NervGen Pharma Corp. (NGEN) is having a good Tuesday. The clinical-stage biopharma company announced positive results from an independent, blinded biomechanical gait analysis of its lead drug candidate, NVG-291, and investors are liking what they see.
The data comes from the Phase 1b/2a CONNECT SCI study, which is testing NVG-291 in patients with chronic spinal cord injuries. The analysis, done by an AI-powered movement company called Newton Tech, looked at three hallmarks of true neural repair: coordination, mechanical effort, and postural stability. The results were striking.
According to the company, the drug produced a statistically significant improvement in gait quality (p=0.0197). But the headline number is the responder rate: 100% of the 10 patients treated with NVG-291 were classified as responders across composite recovery measures, compared to just 10% (1 out of 10) in the placebo group.
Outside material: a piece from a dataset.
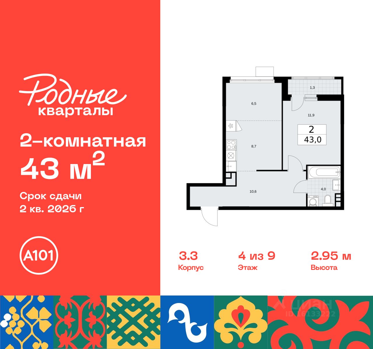 Продается двухкомнатная квартира 389 в новостройке Жилой район "Родные кварталы" по адресу Москва, ТиНАО, Новомосковский АО, Марушкинское С/П, жилой комплекс Родные Кварталы, 3.3, район Внуково, Новомосковский административный округ, Москва. Общая площадь квартиры - 43.00 кв. м., этаж 4 из 9, секция 9. Тип проекта, по которому построен дом - монолит, компания-застройщик - ООО "А101". Стоимость квартиры - 12298000 Р. Срок сдачи - 2 квартал 2026.

That difference is highly significant (p=0.0001).
"The multi-domain biomechanical signature reported here is precisely the pattern one would hope to find from a therapy enabling true underlying neural recovery," said Armin Curt, Clinical Director of the SCI Center at Balgrist University Hospital.
NervGen CEO Adam Rogers said the findings "further reinforce the foundation upon which we are advancing NVG-291 into the Phase 3 RESTORE registrational study in chronic tetraplegia." The company is on track to start that Phase 3 study in mid-2026.
So the science is promising. But what about the stock? NGEN shares were up 5.29% in premarket trading Tuesday at $2.19. That's a nice pop, but the stock has had a rough run lately. At $2.16, it's trading 40.8% below its 20-day simple moving average (SMA) of $3.65, 44% below its 50-day SMA of $3.86, and 44.6% below its 100-day SMA of $3.90. That means there's a lot of overhead supply to work through if the rally continues.
The more encouraging sign is that the stock is still 9.3% above its 200-day SMA of $1.98. That $2 level has been acting like a line in the sand that bulls want to defend. The moving-average stack is mixed — the 20-day SMA is below the 50-day SMA (bearish), but the 50-day SMA remains above the 200-day SMA, which is a longer-term positive if the stock can reclaim those shorter averages.
Key resistance to watch is $3.65, the 20-day SMA, which would be a logical first test if the rebound extends. On the downside, support sits at $1.98, the 200-day SMA, which lines up with the broader $2 pivot zone.
For now, the market is focused on the data. And the data looks good.